# I'll tip you in the app



## Mikeoftulsa (Dec 10, 2018)

So today on my lunch break, I took a guy from a location around the corner of my office to his hotel about 5 miles away. Pretty good trip, good conversation, etc... Got to the hotel, and he said he'd tip in the app. And he did.


----------



## TPAMB (Feb 13, 2019)

It does happen, though more not then often.


----------



## FLKeys (Dec 27, 2018)

I'm right around 50% on people tipping me in the app that say they will tip me in the app. I actually track it because I wanted to know. I would have guessed less than 20%. I was wrong.


----------



## Mikeoftulsa (Dec 10, 2018)

I honestly don't pay attention to who does and doesn't tip. The ones that do, typically make up for those that don't.


----------



## June132017 (Jun 13, 2017)

Broken Arrow is funny because I was watching a show on nuclear weapons. They said when a plane crashes and they lose the nuke it's called a broken arrow.


----------



## Mikeoftulsa (Dec 10, 2018)

June132017 said:


> Broken Arrow is funny because I was watching a show on nuclear weapons. They said when a plane crashes and they lose the nuke it's called a broken arrow.

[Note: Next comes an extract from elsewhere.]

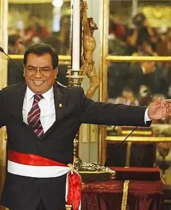 On 11 July 2009, President Alan García named him as prime minister during the controversy surrounding indigenous clashes with the government when 34 people died.[3] He was sworn in at 8:00 pm on 12 July 2009. The appointment of Velásquez, considered a party loyalist, was seen by pundits as an attempt by García to tighten his grip on power for his final term. It is considered a reversal after appointing the leftist Yehude Simon, Velásquez's predecessor.[4] Velásquez is the third person to hold the office in nine months.[5] Garcia, whose approval rating was 21 percent,[3] also replaced the ministers of defense, justice, agriculture and the interior.[6] He resigned his post in September 2010 with the intention to run for the Peruvian Aprista Party presidential nomination later that year. Although not selected as the nominee, he was part of the presidential ticket of Mercedes Aráoz in which he was the candidate for First Vice President until her withdrawal from the election in January 2011.

Its a pretty good movie too.


----------



## VanGuy (Feb 15, 2019)

I find it a little scary that it's common enough to have terminology. Damn, lost another one.


----------



## RightTurnOnRed (Jun 15, 2018)

Uber has been caught stealing tips, using up front pricing as a work around. So when a rider says I'll tip you in the app, it gets a bit sketchy.


----------